■ **Exercise details**
No picture belongs in the copy. Repeat each line below exactly.

■ **Collected data**
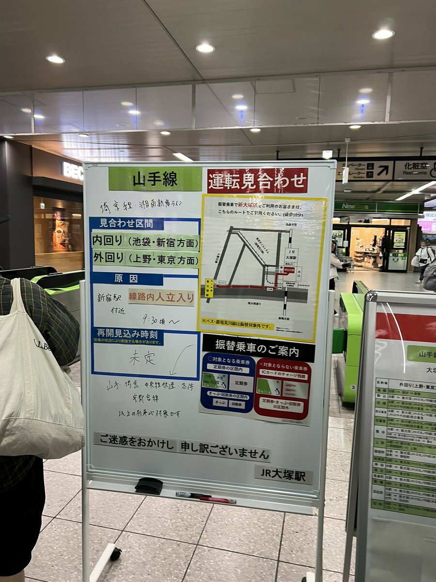 山手線は、埼京線内での線路に人立入の影響で、内・外回り電車に遅れがでています。 #山手線 #Yamanote_Line https://t.co/LojididwyV— JR東日本【東海道方面】運行情報 (公式) (@JRE_F_Tokaido) May 27, 2024
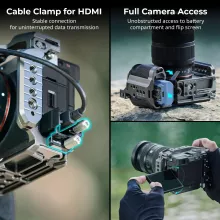 - Tool-free HDMI cable clamp secures your connection for uninterrupted shooting.
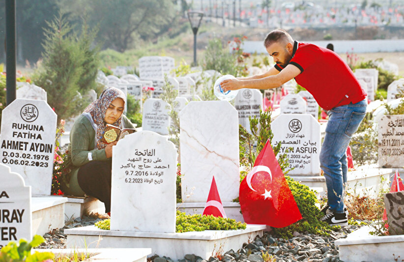 - Hatay'ın Antakya ilçesinde 6 Şubat 2023'teki afette yakınlarını kaybedenler, Kurban Bayramı'nın ilk gününde Narlıca Deprem Mezarlığı'nı ziyaret etti. Sabahın erken saatlerinde mezarlığa gidenler, yakınlarının kabirlerini suladı, çiçek bıraktı. Kur'an-ı Kerim okuyan ziyaretçiler, dua etti. Bazı vatandaşların gözyaşı döktüğü ziyarette depremzedeler birbirleriyle bayramlaştı. Ziyaretçilerden 70 yaşındaki Cemile Keleş, bayramı buruk geçirdiğini dile getirerek, “Kızım çiçek gibiydi. Onun için mezarına çiçek ekiyorum. Yapacak bir şey yok. Evlatlar hiç unutulmaz” diye konuştu.
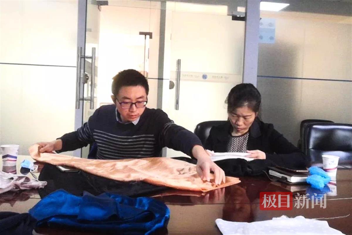 曹根阳(左)研究天丝绸面料刮丝疵点的规律

■ **Response to the exercise**
 山手線は、埼京線内での線路に人立入の影響で、内・外回り電車に遅れがでています。 #山手線 #Yamanote_Line https://t.co/LojididwyV— JR東日本【東海道方面】運行情報 (公式) (@JRE_F_Tokaido) May 27, 2024
 - Tool-free HDMI cable clamp secures your connection for uninterrupted shooting.
 - Hatay'ın Antakya ilçesinde 6 Şubat 2023'teki afette yakınlarını kaybedenler, Kurban Bayramı'nın ilk gününde Narlıca Deprem Mezarlığı'nı ziyaret etti. Sabahın erken saatlerinde mezarlığa gidenler, yakınlarının kabirlerini suladı, çiçek bıraktı. Kur'an-ı Kerim okuyan ziyaretçiler, dua etti. Bazı vatandaşların gözyaşı döktüğü ziyarette depremzedeler birbirleriyle bayramlaştı. Ziyaretçilerden 70 yaşındaki Cemile Keleş, bayramı buruk geçirdiğini dile getirerek, “Kızım çiçek gibiydi. Onun için mezarına çiçek ekiyorum. Yapacak bir şey yok. Evlatlar hiç unutulmaz” diye konuştu.
 曹根阳(左)研究天丝绸面料刮丝疵点的规律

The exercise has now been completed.